It can be aggravating enough to have your phone stolen, let alone when the burglar steals your apps and reduces your bank accounts.
The latest feature on the iPhone tries to shield you from future problems, even though you still run the risk of losing or having your phone stolen. With Apple’s latest version of Stolen Device Protection, it is now more challenging for a third-party individual to access and change sensitive information, such as Face ID or passwords.
This feature was introduced late last year and comes with the iOS 17.3 software update. It was made possible by a Wall Street Journal study that showed how easily crooks were exploiting iPhone owners. On Monday, users began to receive the update.
Scammers could previously disable anti-theft features like Activation Lock and Lost Mode by getting their hands on an iPhone user’s passcode or an unlocked phone. Additionally, thieves might take control of your phone and possibly your payment and banking apps by using your current passcode or updating Face ID to their own.
This is the goal of stolen device protection, and this is how you can turn it on for your phone.
Keep your phone close and sensitive information closer
When you activate the Stolen Device Protection function, your phone will have extra security when it is in a strange place.
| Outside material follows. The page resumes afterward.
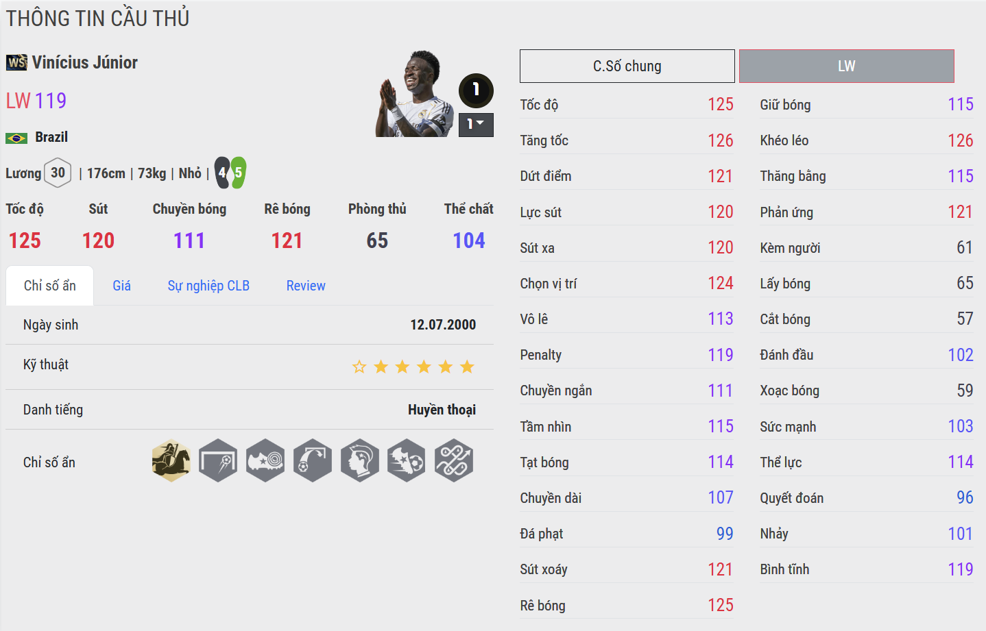 WS: Tốc độ cực nhanh, bứt tốc đầu tốt, cảm giác mượt và thanh thoát. WS Vinicius có sự linh hoạt trong từng bước chạy, phù hợp với những pha solo cánh dài.
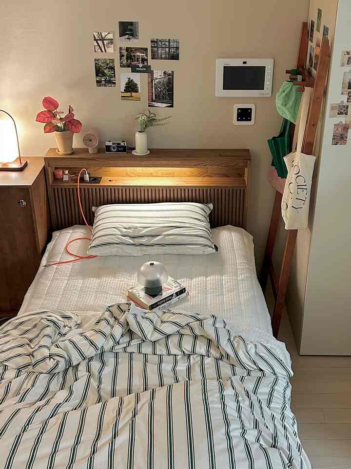 ベッドも部屋の雰囲気に合わせて木製のものに新しく買い替えました。先ほど本棚スペースでご紹介したGORI STUDIOのランプを購入して以来、カーキ&オリーブ色がマイブームで、ベッドまわりにもその色をアクセントカラーとして取り入れています。

This means that instead of enabling you to access with just a passcode, some actions—like accessing your stored passwords and payment information—will require Face ID or Touch ID.
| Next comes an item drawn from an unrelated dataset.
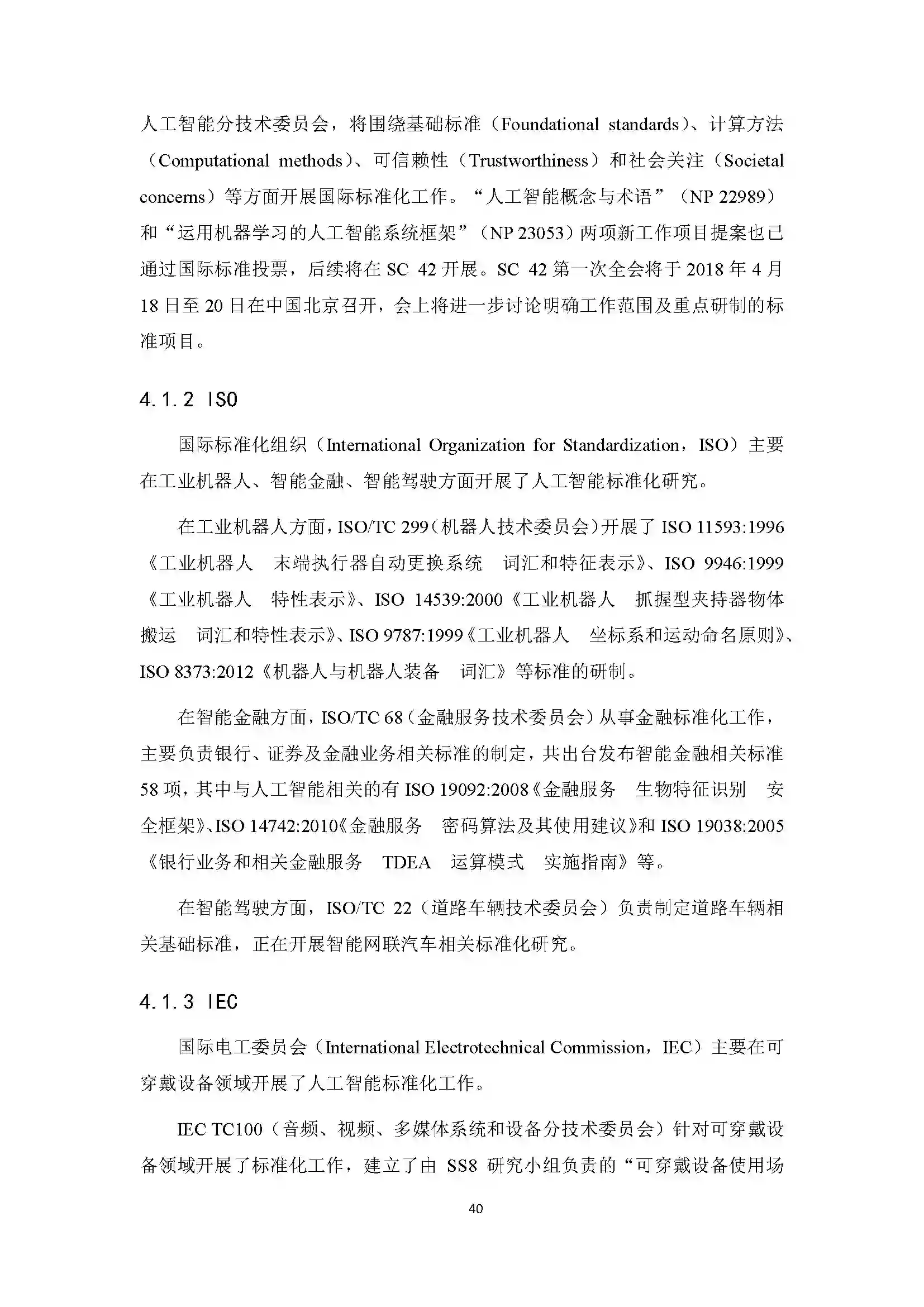 美国、欧盟、日本等发达国家高度重视人工智能标准化工作。美国发布的《国 家人工智能研究与发展策略规划》,欧盟发布的“人脑计划”,日本实施的“人工 智能/大数据/物联网/网络安全综合项目”,均提出围绕核心技术、顶尖人才、标 准规范等强化部署,力图抢占新一轮科技主导权。 我国高度重视人工智能标准化工作。在国务院《新一代人工智能发展规划》中将人工智能标准化作为重要支撑保障,提出要“加强人工智能标准框架体系研 究。坚持安全性、可用性、互操作性、可追溯性原则,逐步建立并完善人工智能 基础共性、互联互通、行业应用、网络安全、隐私保护等技术标准。加快推动无 人驾驶、服务机器人等细分应用领域的行业协会和联盟制定相关标准”。工信部 在《促进新一代人工智能产业发展三年行动计划(2018-2020 年)》中指出,要建 设人工智能产业标准规范体系,建立并完善基础共性、互联互通、安全隐私、行 业应用等技术标准;同时构建人工智能产品评估评测体系。

A security delay feature will be included in other actions, such updating your Apple ID password, which will prompt the user to re-verify the change using Face ID or Touch ID one hour after the initial change request.
The idea of this is to make sure that a burglar is unable to use your fingerprint or face to unlock your phone and then flee, free to carry out additional security tweaks and stop you from remotely protecting your phone using features like Lost Mode.
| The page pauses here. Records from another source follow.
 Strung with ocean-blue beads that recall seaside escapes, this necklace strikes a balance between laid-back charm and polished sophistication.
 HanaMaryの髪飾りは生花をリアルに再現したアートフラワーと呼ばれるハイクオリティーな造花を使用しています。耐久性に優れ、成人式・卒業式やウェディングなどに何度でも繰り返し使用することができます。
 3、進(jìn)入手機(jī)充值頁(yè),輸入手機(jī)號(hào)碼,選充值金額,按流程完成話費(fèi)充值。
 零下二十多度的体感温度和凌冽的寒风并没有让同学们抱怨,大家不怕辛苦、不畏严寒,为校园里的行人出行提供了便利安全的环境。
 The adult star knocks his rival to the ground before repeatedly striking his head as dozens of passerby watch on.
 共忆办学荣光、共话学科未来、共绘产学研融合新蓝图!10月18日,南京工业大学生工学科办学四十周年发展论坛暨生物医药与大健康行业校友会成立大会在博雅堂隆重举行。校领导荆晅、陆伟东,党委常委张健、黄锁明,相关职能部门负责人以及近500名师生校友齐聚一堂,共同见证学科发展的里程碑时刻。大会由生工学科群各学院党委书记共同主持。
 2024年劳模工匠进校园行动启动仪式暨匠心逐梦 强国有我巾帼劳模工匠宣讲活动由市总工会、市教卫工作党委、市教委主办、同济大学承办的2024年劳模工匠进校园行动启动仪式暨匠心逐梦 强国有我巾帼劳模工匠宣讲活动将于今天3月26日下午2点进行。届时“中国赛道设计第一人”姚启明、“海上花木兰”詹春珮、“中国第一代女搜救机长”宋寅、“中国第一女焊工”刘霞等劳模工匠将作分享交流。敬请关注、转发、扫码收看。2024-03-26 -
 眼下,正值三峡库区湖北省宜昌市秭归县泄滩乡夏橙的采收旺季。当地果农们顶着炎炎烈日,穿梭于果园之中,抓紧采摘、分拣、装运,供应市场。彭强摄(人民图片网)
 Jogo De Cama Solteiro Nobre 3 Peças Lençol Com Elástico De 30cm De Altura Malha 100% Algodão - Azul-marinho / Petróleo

You won’t need to take these additional measures if your phone is at a familiar setting, such as your home or place of work.
Android devices come with an anti-theft function that, when enabled, requires users to enter their Google ID account and password in order to reset the device, which is useful for people who don’t own iPhones. Users can remotely wipe their phone or stop it from being reactivated without the owner’s consent if their phone is stolen when this option is enabled.
Like with iPhones, an Android thief would require the PIN, unlock pattern, or password in order to update registered faces or fingerprints for the purpose of unlocking apps on the phone.
How to turn on Stolen Device Protection
You must ensure that the software on your iPhone is updated to iOS 17.3 or later in order to use Stolen Device Protection. You can then take the following actions:
- Go to Face ID & Passcode
- Enter your passcode
- Tap “turn on Stolen Device Protection”
To disable Stolen Device Protection, simply follow the same instructions. However, if you are in an unknown place, the security delay function will kick in, and your phone will prompt you to re-verify your identity after an hour.
It is advised by Apple that consumers disable this feature before they trade in, sell, or give away their iPhones.